Furcal said he was told by Dr. Robert Watkins, who performed the operation, that his recovery would take anywhere from six to eight weeks, meaning he could be back in late August.

"I feel much better than I did before," said Furcal, who was hitting a team-leading .366 when he was put on the disabled list on May 13. "I feel only sore in one part."

That wasn't the case, Furcal said, when he woke up on July 1, the day after he played for triple-A Las Vegas in what was supposed to be the first game of a three- or four-game minor league rehabilitation assignment.

Furcal said he felt pain in every part of his back. More alarming was that the pain ran down his left leg.

"I didn't want to take a chance," he said.

Furcal is a free agent at the end of the season, but he said he wouldn't rush back for the sake of raising his stock.

"For me, getting healthy is the first thing," he said. "Free agency is another thing. I don't want to think of free agency when I can't do anything about it."

Draft pick Martin signed

First-round draft pick Ethan Martin was signed to a contract that included a $1.73-million signing bonus and took part in batting practice with the Dodgers.

Martin will be developed as a pitcher, but the 19-year-old from Georgia was wanted by a couple of other teams as a third baseman. Seeing Martin hit four home runs in batting practice, Dodgers Manager Joe Torre asked, "Are you sure you want to pitch?"

Replied Martin, "Yes sir, I guess so."

Martin didn't start pitching full time until he was a junior in high school but said he was confident in the call made by assistant general manager Logan White to make him a pitcher, based on White's track record.
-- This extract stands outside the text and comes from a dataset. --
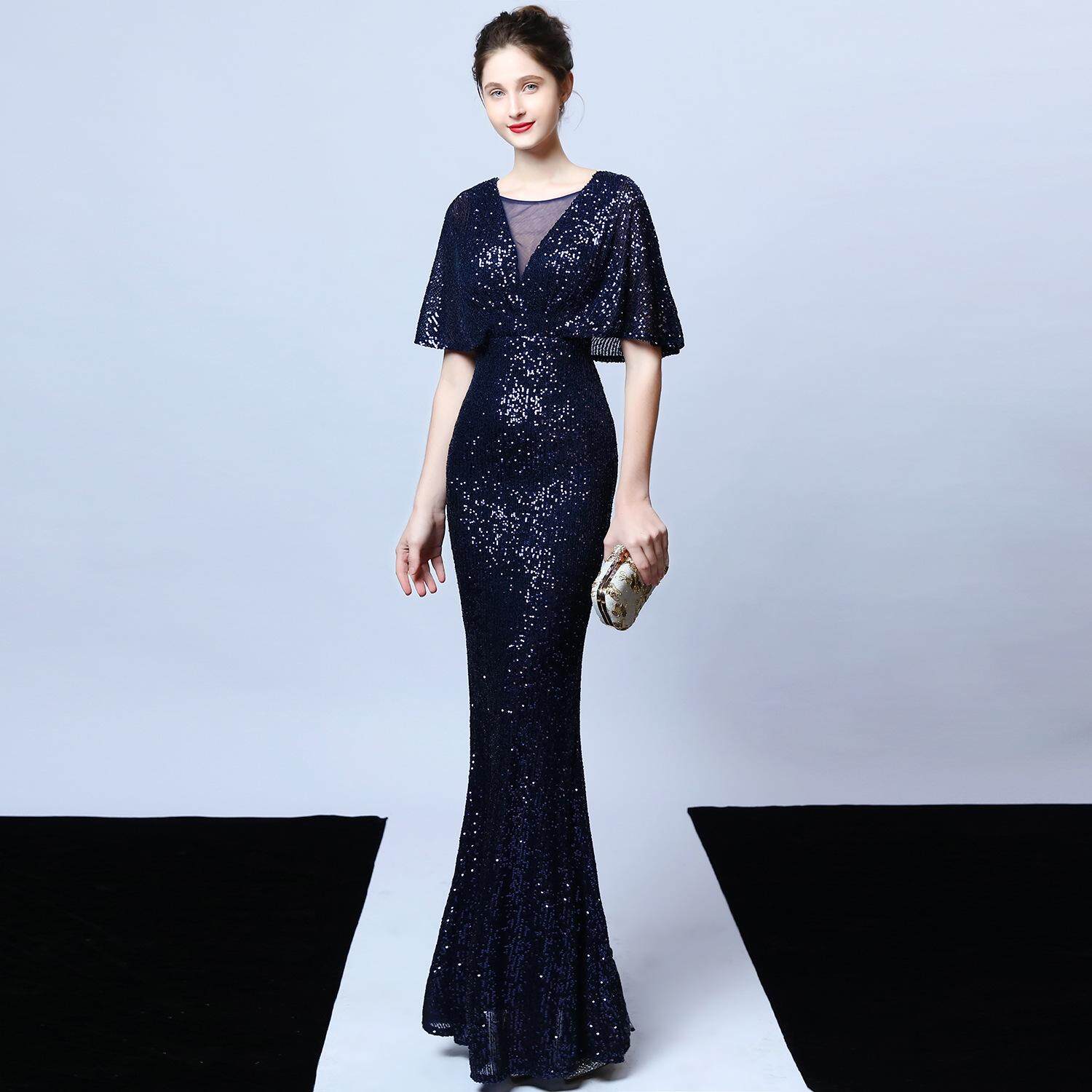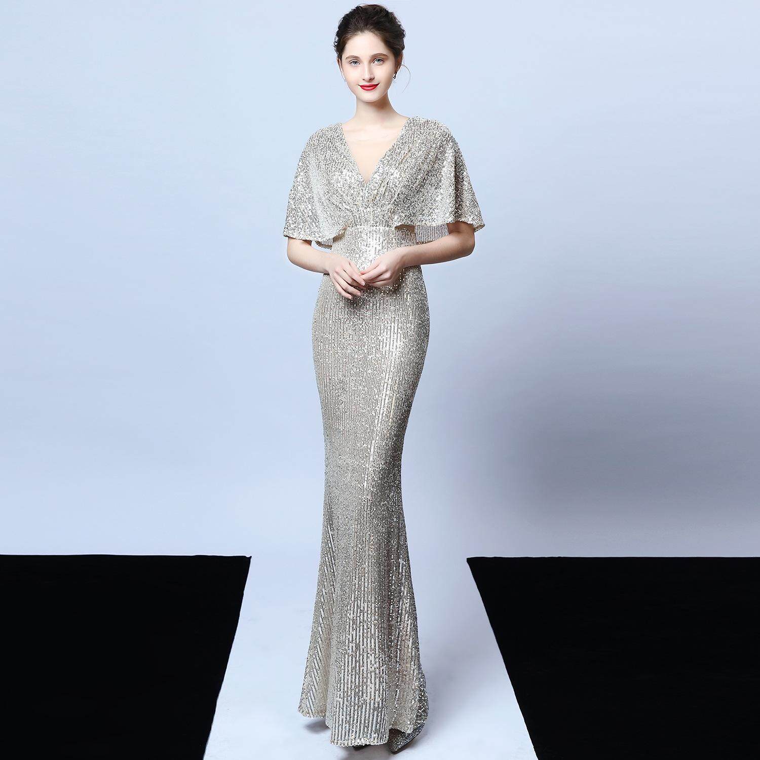 Women Sequin Evening Dresses Prom Party Ball Gown Gold Evening Bridesmaid V Neck Long Dress

White faced a similar decision when drafting James Loney in 2002 and decided to make him a first baseman instead of a pitcher.

"It makes me feel good inside that he knows what he's doing," Martin said of White.
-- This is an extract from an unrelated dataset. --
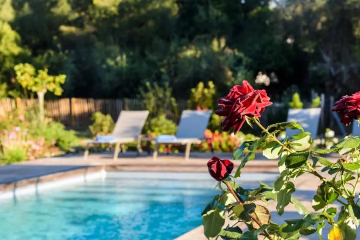 Piscine Chauffée : Plongez dans la piscine chauffée de 9m x 3.60m, entourée de verdure, pour des instants de fraîcheur et de plaisir.

Martin will travel Sunday to Vero Beach, Fla., home of the Dodgers' rookie ball affiliate. White said the hard-throwing Martin had a heavy workload this spring -- he threw 130 pitches in one game -- and will be limited to 35 to 40 innings for the remainder of the year.

Bowa's box moved

The Dodgers received a call from the commissioner's office Wednesday night ordering them to redraw the coaches' boxes at Dodger Stadium because they weren't in compliance with the newest league rules. The team made the changes in time for the game Thursday. The boxes, previously nine feet away from the foul lines, are now 15 feet away.

Penny's slow recovery

Opening-day starter Brad Penny probably won't be activated until the end of the month, Torre said.

Penny received a cortisone injection Monday night, but Torre said he remained uncertain when Penny would be able to start throwing again. Penny was scheduled to play catch Thursday but had the session scrapped.
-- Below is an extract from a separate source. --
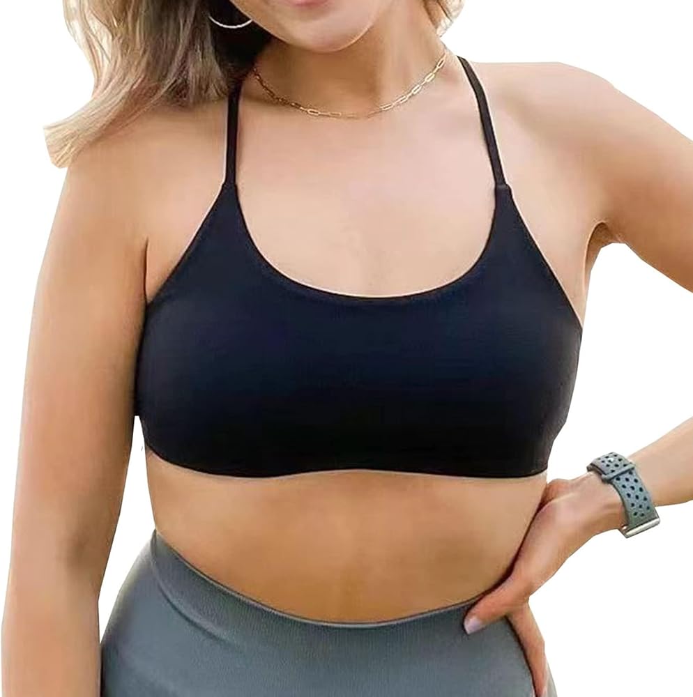 حمالة صدر Aoxjox للسيدات مكونة من قطعتين من حمالات الصدر الرياضية للتمرين واللياقة البدنية بدون ظهر ومبطنة من Ivy منخفضة التأثير وحمالة صدر لليوجا (أسود وأبيض، صغير)

Torre said he guessed Penny would have to face live hitting once or twice, either in a minor league game or a simulated situation, before being activated from the disabled list.

Short hops

Torre maintained his stance that when Jason Schmidt pitches again for the Dodgers, he will do so as a starter. . . . Andruw Jones and Nomar Garciaparra, who started the previous three days, were out of the lineup. . . . Jeff Kent, who rested his back Wednesday, was back in.